● AIM OF THE TASK: Your copy should hold the lines below from the first through the one that contains "Woman with Wavy", each retyped exactly, and no pictures.

[Records from a data source]
------------
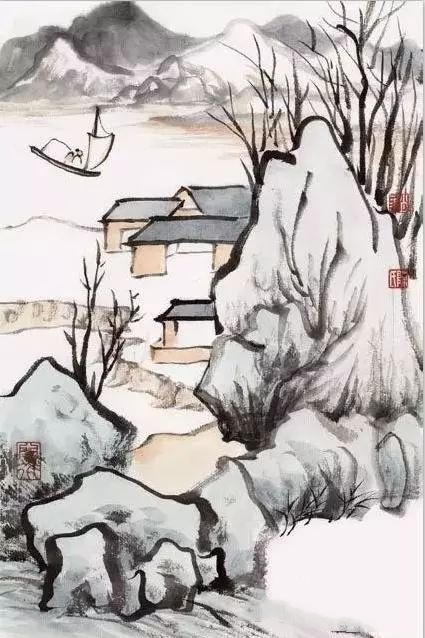 7、浅绛山水,在水墨勾勒皴染的基础上,敷设以赭石、花青为主色的淡彩山水画。浅绛山水画法特点是素雅清淡,明快透澈。【更多绘画艺术技巧,】
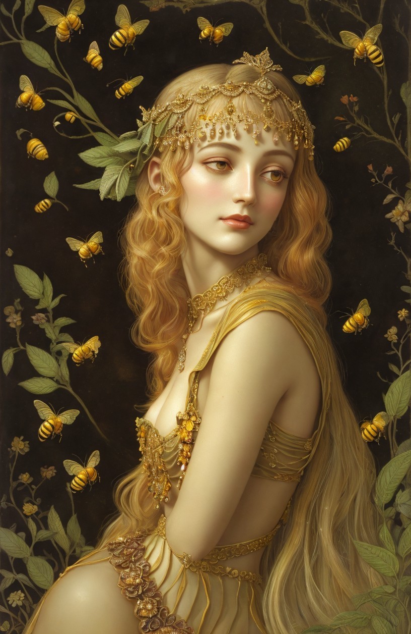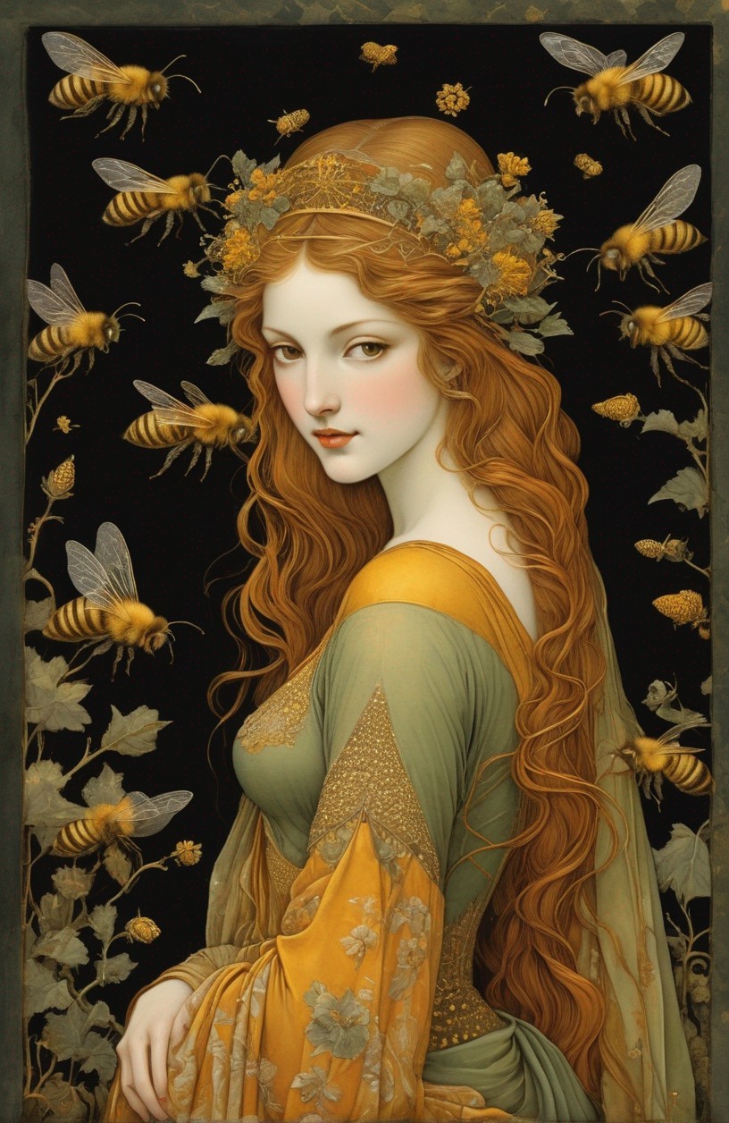 Woman with Wavy Hair Surrounded by Bees and Foliage
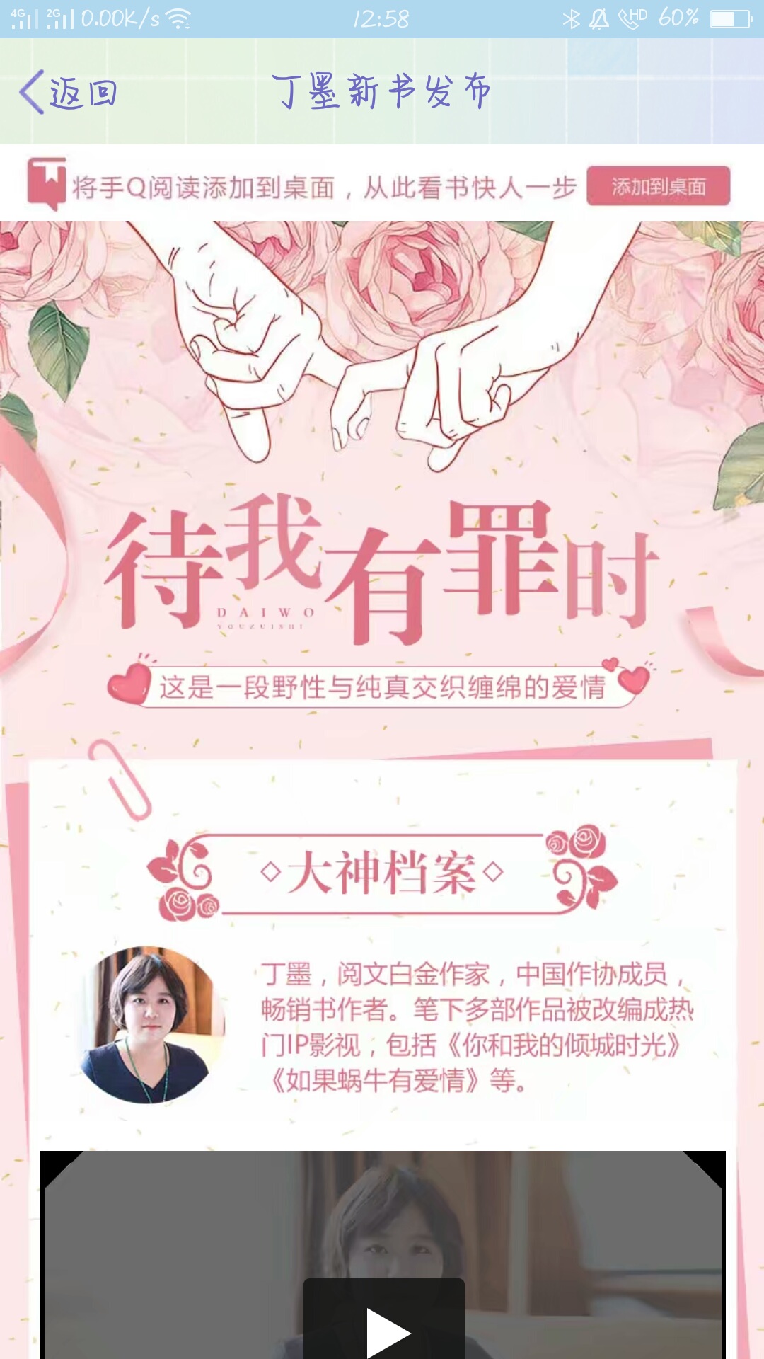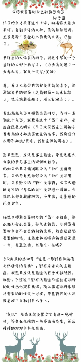 It took me a long time to write this book review, and it came under a lot of pressure. The masters who read the book reviews were really trembling, especially the one with seven or eight hundred likes. There are so many great people in the book review section that I, a lousy reviewer, don't even dare to write one. (Yesterday I really thought about how to write for a whole day, but I just couldn't write/laughed) Anthracene, after seeing that everyone is analyzing updated chapters, I will write the cover of the book (I wrote the cover as soon as it came out before, but I deleted it by mistake, so I gave up). First let me talk about the name. When I was guilty, when I saw the name, I thought about who this "I" was, whether it was Yin Feng or You Mingxu (no kidding, I only knew the names of the male and female protagonists because they were told by a cutie from the third group. I didn't know anything about the plot/I cried, I was afraid that I was a fake group friend). Later I thought about it, it should be the male protagonist Yin Feng. After all, most of Lao Mo's titles have more male protagonists. For example, the one who please close your eyes when he comes is Bo Jinyan, the one who is next to the moonlight is Ying Hanshi, the wild side of Zhiye is Cen Ye, the dark clouds meeting the bright moon are Wu Yu and Tan Jiao. Of course, I'm just making up all the above, don't believe it, Lao Mo still loves the heroine. Since the "I" when I am guilty is Yin Feng, then why is he guilty? Where does the sin come from? When I am found guilty, will there be any other meaning? When Yin Feng is falsely accused of being guilty, will it bring Yin Feng and You Mingxu closer to each other, or even fall in love, and then be together? The mobile QQ reading activity reads "This is a love that is wild and innocent." I should say Yin Feng is wild. I think Yin Feng's temperament is more casual and wild. However, this wild Yin Feng also turned into a tender man when he met You Mingxu, so he was not used to being kissed by You Mingxu blindfolded from behind the chair. After all, wild people should like to have the dominance in their hands. "Intertwined" should be said that the male and female protagonists did not fall in love at first sight, but intersected in some things in life, and then slowly developed feelings for each other. Let's take a look at the cover of When I'm Guilty. It features a heart, with a sword pierced in the heart, and the tip of the sword is a pen tip with one or two drops of blood dripping from it. And that "sin" is like being carved out with a sword, the kind that heals a little bit. Then let's guess why there is a heart and why there is a sword in the heart, and this sword is inserted in the middle (I don't understand the left and right atrium). Could it be that the person who framed Yin Feng was someone close to Yin Feng, and he was the kind who played well. Such as relatives and friends. As for the tip of the sword being a pen, I initially thought that the pen meant recording, visiting, and verifying. I didn't know who was guilty at first, but now I understand that "guilt" refers to Yin Feng. So what the pen should say is to help Yin Feng get rid of his grievances and travel to various places. I had thought before that the tip of the pen might have another meaning, which is a job like a criminal police officer. You Mingxu may be similar to Jian Yao, but of course they are definitely different individuals. Finally, there is the spiderweb-like silk web on the heart. I guess this web may mean that there will be many mysteries on the way to clearing away Yin Feng's grievances, and it may also represent the past. That is to say, this "sin" may involve a dusty past. Only by unraveling this past can Yin Feng's innocence be restored. Okay, the above show of Ziya's nonsense is over. Thank you all for watching my Luo Li Ba Suo. Thank you for meeting you in Lao Mo's new book, I love you. Finally, let me tell you that my name was really not changed for the new book. I changed it a long time ago. At that time, I changed the name because I was really European and couldn't make any koi fish. Finally, I hope to be able to make a koi carp, and maybe it will also be a talkative koi carp. Also, I hope everyone can win. Come on, come on.
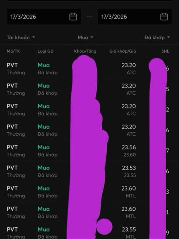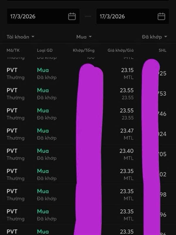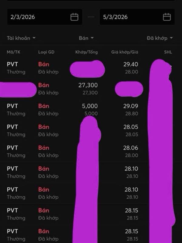 PVT đã Tím. Vòng 1 mua 24.x chốt 29.x. Vòng 2 mua 23.x chốt 27.x, ăn 2,5-3 cây Tím!
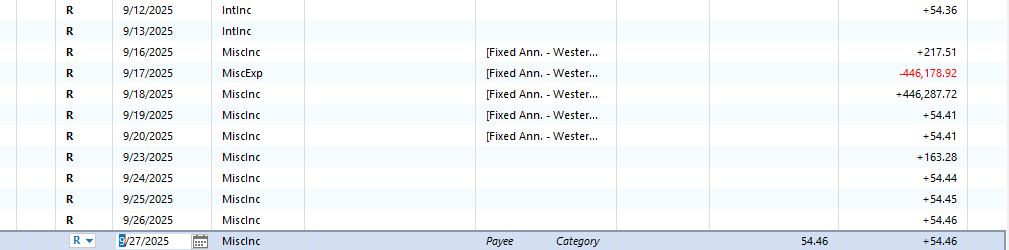With these annuity accounts, I don't see anything in activity, but the balances are updated Tuesday-Saturday. I don't normally see changes in balance on other days. I am seeing no error messages/codes when I update. These accounts are managed by NY Life and Western Southern and those entities probably feed updated balances to Fidelity, which Fidelity then updates the accounts in their system. It is just odd that while I had it in simple mode, it appears to be downloading transactions but wasn't showing the balance, not when I changed to complete a balance shows but new transactions don't show up to update balance. See attachment. 9-16 - 9-20 were in simple mode and since 9-20 I have been entering manually.
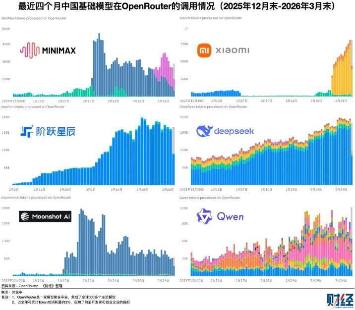 這個趨勢是2026年初開始出現的。中國基礎模型(包括MiniMax、月之暗面、智譜、階躍星辰、DeepSeek、小米、阿里千問)的Token調用量都在大幅增長。
------------
● ANSWER:
 7、浅绛山水,在水墨勾勒皴染的基础上,敷设以赭石、花青为主色的淡彩山水画。浅绛山水画法特点是素雅清淡,明快透澈。【更多绘画艺术技巧,】
 Woman with Wavy Hair Surrounded by Bees and Foliage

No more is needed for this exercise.